Information provided:

.....

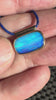 A stunning Winton boulder opal is featured in this one of a kind, timeless necklace. Measuring 12.8 x 8 mm this 3.52 carat opal beauty displays an overall ombre hue that transitions from a deep indigo to a soft sky blue. Woven across its surface is a delicate scattering of mint green and periwinkle flashes. Framed in a 10k gold setting, with a sterling silver back, and suspended from an 18" strand of delicate 1mm, smooth, lapis lazuli gemstones that accentuates the opals stunning internal sparkle. Worn alone or within a mix, this captivating piece is the perfect addition to your collection.
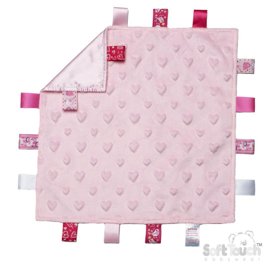 Tactile tags around the edges provide textural stimulation and tactile awareness, while the minky fabric keeps them warm and cozy.
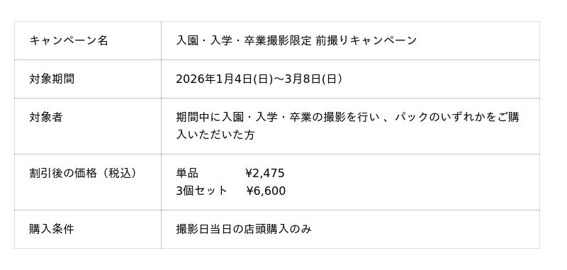 対象期間内に入園・入学・卒業撮影をご利用いただき 、撮影データと商品がセットになったパックをご購入いただいたお客様に限り 、限定キーリングを割引価格でご購入いただけます 。

.....

Problem statement: An exact copy of the material above is required, free of any pictures.

Answer below:
 A stunning Winton boulder opal is featured in this one of a kind, timeless necklace. Measuring 12.8 x 8 mm this 3.52 carat opal beauty displays an overall ombre hue that transitions from a deep indigo to a soft sky blue. Woven across its surface is a delicate scattering of mint green and periwinkle flashes. Framed in a 10k gold setting, with a sterling silver back, and suspended from an 18" strand of delicate 1mm, smooth, lapis lazuli gemstones that accentuates the opals stunning internal sparkle. Worn alone or within a mix, this captivating piece is the perfect addition to your collection.
 Tactile tags around the edges provide textural stimulation and tactile awareness, while the minky fabric keeps them warm and cozy.
 対象期間内に入園・入学・卒業撮影をご利用いただき 、撮影データと商品がセットになったパックをご購入いただいたお客様に限り 、限定キーリングを割引価格でご購入いただけます 。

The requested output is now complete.